I have been feeling somewhat ancient and unaccomplished lately--or rather, naggingly aware of the fact that I should have gotten a good deal more sorted out by now, given the age that I am, and that I'm not going to suddenly get a few years back to get it righter. On the other hand, this state of affairs is hardly a surprising outcome of the habits outlined above, now is it? Also I note that my face appears to have mutated into that of a well-creased yet puffy monkey, which is not heartening. I had hoped to age gracefully, but it seems that unless it turns out that "comic and rubbery" is the height of grace, I am out of luck. Too bad.
But London! London will be extremely heartening, and indeed probably even replete with actual reading of novels on lawns. There are a lot of grassy squares that are eminently suitable for just that very thing. It will be restorative.
Speaking of novels, I keep reading The Fountain Overflows, by Rebecca West, over and over again. I read lots of books more than once, of course, but this is a different, more total and consuming, kind of rereading. There are a number of books that I read and have read this way, often coming to the end and flipping back to the beginning to start over again without standing up in between. Most of the books that fall into this category I read for the first time quite some time ago. The majority date from childhood, when it seems my whole life was consumed by an unbroken stream of reading, and whenever I happened by some circumstance to be forced to do something other than read, my mind was still awash in whatever books I had been reading just before.
The Fountain Overflows I read for the first time only six months ago and I believe I have read it at least six times since then. I wish I felt I had the skill to explain what makes it so entirely compelling to me.

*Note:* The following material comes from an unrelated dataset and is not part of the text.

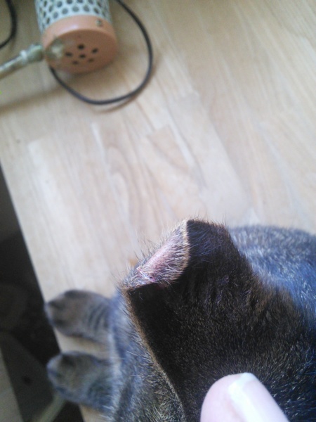 耳の先が切れて血が固まって反対側にそっくりかえっちゃってる。

It was written in 1956 but is set about fifty years earlier. The narrator, Rose Aubrey, is one of four children in a family that appears to be almost entirely unfit for the world in which it lives. Their father is brilliant, handsome, mercurial, a political genius, and constitutionally incapable of passing up an opportunity to lose money in the stock market or to bite a hand that feeds him. Their mother, once an accomplished concert pianist, is thin, anxious, nerve-jangled, shabby. To outsiders she seems hopelessly odd, but in fact she is clever and generous, capable of holding the family together and looking after a number of other characters in distress that cross their path.
Rose, her twin sister Mary, and their brother Richard Quin never doubt that where the Aubreys and the outside world diverge, it is infinitely better to be an Aubrey. The oldest child, Cordelia, is built differently. Their oddness and poverty agonize her. She is pretty; she plays the violin in a way that stupider adults think is impressive, though the musical Aubreys know better and are agonized in their turn:
...we would rather have been musical with Mamma than have red-gold curls and make utter fools of ourselves by playing the violin as Cordelia did. We were sorry for Cordelia, particularly now, when Papa, from whom she derived such interest as she possessed, had gone away for six weeks. But all the same she was an ass to think she could play the violin, it was as if Mary and I thought we had red-gold curls.
This gives you some idea of the quality of the writing. The discrepancies between the judgments of the non-Cordelia Aubreys and the judgments of most of the people they come into contact with (in all of which the book sides definitively with Rose) produce the emotional tensions and central drama of the book, though page to page it is filled with small events. Mainly it brilliantly captures what it is to be a child, (thus) relatively powerless, and possessed of very high standards. I love it.
Oh dear, what a ridiculously long post this turned out to be, and with so little holding it together. On the other hand, writing it cheered me up enormously. Since I'm pretty sure that only about three people are going to read it in any case, so be it. Maybe one of you will even read the book and tell me how much you loved it.
Based entirely on this post, I sought out, read, and also loved this book. Thanks for the recommendation!
Posted by: Maureen | 02/19/2010 at 01:17 PM
I am so glad! It strikes me that it's about time for me to read it again.